■ Task to carry out ■
Exactly the lines from the top of the records below through the one containing "Часы Rolex Datejust" must be set down, with no line added or dropped.

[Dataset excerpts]
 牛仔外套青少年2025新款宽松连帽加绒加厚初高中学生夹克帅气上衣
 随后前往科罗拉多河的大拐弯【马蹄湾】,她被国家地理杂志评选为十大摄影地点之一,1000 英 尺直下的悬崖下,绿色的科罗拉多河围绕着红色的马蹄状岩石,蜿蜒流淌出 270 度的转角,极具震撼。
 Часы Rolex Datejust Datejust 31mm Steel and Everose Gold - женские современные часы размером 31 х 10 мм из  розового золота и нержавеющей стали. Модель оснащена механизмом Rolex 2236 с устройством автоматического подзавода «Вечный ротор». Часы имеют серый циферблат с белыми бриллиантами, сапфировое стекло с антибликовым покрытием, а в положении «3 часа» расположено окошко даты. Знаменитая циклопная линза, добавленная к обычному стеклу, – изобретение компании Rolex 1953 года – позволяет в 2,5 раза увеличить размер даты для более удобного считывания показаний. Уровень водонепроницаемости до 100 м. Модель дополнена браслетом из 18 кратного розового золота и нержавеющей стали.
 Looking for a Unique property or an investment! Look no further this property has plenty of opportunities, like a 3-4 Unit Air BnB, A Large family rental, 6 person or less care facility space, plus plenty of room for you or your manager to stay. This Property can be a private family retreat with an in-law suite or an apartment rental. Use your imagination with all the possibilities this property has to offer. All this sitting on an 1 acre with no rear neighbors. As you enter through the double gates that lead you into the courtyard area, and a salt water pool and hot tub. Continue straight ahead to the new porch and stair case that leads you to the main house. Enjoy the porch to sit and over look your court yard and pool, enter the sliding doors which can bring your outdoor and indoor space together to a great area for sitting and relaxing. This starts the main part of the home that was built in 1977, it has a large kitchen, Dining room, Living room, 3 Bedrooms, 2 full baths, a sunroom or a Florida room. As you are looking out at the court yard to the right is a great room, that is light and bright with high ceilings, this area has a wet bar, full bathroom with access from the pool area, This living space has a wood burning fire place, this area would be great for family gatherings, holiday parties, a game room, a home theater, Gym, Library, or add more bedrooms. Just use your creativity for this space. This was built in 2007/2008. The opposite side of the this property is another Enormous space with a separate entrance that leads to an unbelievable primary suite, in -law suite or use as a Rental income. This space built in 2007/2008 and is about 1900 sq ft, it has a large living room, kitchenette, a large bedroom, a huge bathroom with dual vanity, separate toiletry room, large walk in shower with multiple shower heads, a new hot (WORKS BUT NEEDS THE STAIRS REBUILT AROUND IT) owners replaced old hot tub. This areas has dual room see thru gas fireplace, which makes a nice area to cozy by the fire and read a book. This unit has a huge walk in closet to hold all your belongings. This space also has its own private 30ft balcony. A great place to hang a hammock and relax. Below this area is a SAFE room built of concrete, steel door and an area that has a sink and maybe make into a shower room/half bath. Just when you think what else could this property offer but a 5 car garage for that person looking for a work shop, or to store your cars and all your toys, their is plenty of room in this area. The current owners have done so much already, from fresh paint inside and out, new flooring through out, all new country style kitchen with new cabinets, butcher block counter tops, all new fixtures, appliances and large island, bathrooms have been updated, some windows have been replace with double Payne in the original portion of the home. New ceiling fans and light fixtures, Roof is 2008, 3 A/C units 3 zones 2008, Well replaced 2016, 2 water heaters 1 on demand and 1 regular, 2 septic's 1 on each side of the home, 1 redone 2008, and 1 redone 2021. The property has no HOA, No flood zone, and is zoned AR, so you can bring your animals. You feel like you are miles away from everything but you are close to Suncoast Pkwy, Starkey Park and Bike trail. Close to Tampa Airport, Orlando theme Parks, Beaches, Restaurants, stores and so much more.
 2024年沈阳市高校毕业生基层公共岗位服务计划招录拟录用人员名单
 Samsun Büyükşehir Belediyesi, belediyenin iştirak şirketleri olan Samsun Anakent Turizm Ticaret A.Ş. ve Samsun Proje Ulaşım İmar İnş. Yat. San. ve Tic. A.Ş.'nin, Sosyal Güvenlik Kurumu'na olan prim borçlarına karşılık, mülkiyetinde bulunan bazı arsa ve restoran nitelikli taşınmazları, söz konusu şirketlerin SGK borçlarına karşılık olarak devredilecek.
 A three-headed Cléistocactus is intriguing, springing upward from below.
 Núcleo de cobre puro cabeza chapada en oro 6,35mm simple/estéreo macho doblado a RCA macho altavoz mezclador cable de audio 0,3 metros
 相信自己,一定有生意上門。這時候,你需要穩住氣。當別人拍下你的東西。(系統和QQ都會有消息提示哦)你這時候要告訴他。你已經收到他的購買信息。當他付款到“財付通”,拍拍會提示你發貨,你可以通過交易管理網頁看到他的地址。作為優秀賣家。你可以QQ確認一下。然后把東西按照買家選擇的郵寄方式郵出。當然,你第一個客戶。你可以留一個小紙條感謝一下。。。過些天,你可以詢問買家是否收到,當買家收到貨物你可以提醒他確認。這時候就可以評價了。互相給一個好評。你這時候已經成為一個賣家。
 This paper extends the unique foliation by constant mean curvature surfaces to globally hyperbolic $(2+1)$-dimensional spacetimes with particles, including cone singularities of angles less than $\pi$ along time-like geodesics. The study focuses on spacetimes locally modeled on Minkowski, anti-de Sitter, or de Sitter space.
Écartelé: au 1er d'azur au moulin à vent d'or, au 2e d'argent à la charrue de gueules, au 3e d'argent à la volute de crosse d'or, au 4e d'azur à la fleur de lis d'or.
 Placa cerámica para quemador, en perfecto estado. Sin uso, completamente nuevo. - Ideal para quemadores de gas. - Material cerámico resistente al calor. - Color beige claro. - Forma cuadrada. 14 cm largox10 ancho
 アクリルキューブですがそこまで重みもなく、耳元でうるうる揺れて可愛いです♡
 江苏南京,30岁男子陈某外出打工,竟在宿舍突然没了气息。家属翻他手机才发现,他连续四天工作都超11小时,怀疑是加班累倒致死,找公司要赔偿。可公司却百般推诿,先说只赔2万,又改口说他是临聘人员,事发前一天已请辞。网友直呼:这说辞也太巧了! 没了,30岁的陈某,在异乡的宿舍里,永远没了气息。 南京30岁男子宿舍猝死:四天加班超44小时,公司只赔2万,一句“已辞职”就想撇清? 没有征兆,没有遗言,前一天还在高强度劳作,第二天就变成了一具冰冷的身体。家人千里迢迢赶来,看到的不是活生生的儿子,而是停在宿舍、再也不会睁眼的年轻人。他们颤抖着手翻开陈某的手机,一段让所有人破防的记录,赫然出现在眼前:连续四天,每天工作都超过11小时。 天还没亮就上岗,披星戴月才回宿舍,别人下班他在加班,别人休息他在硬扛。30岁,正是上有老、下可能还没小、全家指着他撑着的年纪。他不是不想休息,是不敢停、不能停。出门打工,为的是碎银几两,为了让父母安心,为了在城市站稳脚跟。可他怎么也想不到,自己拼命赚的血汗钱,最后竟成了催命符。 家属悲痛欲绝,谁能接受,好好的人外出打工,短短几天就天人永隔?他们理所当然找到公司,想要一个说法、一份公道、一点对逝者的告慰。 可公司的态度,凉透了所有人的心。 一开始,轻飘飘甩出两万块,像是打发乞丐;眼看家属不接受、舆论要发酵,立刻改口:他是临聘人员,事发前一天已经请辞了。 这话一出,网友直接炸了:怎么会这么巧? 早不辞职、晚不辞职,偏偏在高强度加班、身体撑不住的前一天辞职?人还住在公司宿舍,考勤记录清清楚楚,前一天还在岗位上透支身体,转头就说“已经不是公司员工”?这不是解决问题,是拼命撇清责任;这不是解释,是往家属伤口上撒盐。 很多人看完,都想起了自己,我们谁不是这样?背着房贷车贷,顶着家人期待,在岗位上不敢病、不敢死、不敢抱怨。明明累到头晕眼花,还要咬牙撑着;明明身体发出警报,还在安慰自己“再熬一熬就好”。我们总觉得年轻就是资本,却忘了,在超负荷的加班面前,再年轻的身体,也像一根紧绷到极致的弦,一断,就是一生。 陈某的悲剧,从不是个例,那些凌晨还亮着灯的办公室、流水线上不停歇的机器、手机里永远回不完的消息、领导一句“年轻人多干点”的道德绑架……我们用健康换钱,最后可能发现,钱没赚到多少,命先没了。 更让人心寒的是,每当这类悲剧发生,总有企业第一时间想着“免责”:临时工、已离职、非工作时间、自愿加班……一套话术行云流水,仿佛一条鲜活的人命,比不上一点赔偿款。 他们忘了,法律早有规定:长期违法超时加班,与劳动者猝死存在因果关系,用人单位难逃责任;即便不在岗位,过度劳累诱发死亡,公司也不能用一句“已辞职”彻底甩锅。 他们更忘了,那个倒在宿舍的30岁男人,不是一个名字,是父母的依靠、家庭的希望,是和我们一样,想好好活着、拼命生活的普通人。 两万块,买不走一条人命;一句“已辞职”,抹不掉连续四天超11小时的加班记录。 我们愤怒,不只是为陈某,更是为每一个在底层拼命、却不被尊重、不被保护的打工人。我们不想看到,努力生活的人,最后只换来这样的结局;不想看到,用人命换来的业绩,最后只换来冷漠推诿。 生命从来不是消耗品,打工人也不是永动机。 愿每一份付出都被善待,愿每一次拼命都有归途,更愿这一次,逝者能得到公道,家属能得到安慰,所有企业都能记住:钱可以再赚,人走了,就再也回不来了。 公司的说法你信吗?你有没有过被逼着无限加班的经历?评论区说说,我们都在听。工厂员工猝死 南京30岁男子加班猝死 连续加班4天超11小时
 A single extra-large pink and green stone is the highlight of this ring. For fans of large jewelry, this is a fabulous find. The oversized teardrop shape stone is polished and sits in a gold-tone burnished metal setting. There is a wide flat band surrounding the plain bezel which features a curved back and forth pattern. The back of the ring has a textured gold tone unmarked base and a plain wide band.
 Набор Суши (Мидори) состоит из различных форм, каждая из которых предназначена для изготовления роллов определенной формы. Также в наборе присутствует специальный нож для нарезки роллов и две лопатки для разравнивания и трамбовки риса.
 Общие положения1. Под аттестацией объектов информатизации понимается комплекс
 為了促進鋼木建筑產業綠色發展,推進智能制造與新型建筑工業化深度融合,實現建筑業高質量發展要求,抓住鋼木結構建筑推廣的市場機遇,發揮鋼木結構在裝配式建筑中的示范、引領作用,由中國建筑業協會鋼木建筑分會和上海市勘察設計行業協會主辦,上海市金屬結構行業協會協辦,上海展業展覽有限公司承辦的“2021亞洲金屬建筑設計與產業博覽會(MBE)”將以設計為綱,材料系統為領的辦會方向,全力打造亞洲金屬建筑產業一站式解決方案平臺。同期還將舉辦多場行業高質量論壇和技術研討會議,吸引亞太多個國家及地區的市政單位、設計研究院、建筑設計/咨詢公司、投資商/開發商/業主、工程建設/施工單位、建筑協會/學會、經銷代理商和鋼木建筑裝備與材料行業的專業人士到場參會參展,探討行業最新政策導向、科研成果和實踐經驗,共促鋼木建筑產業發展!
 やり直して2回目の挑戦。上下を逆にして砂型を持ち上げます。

■ Answer area ■
 牛仔外套青少年2025新款宽松连帽加绒加厚初高中学生夹克帅气上衣
 随后前往科罗拉多河的大拐弯【马蹄湾】,她被国家地理杂志评选为十大摄影地点之一,1000 英 尺直下的悬崖下,绿色的科罗拉多河围绕着红色的马蹄状岩石,蜿蜒流淌出 270 度的转角,极具震撼。
 Часы Rolex Datejust Datejust 31mm Steel and Everose Gold - женские современные часы размером 31 х 10 мм из  розового золота и нержавеющей стали. Модель оснащена механизмом Rolex 2236 с устройством автоматического подзавода «Вечный ротор». Часы имеют серый циферблат с белыми бриллиантами, сапфировое стекло с антибликовым покрытием, а в положении «3 часа» расположено окошко даты. Знаменитая циклопная линза, добавленная к обычному стеклу, – изобретение компании Rolex 1953 года – позволяет в 2,5 раза увеличить размер даты для более удобного считывания показаний. Уровень водонепроницаемости до 100 м. Модель дополнена браслетом из 18 кратного розового золота и нержавеющей стали.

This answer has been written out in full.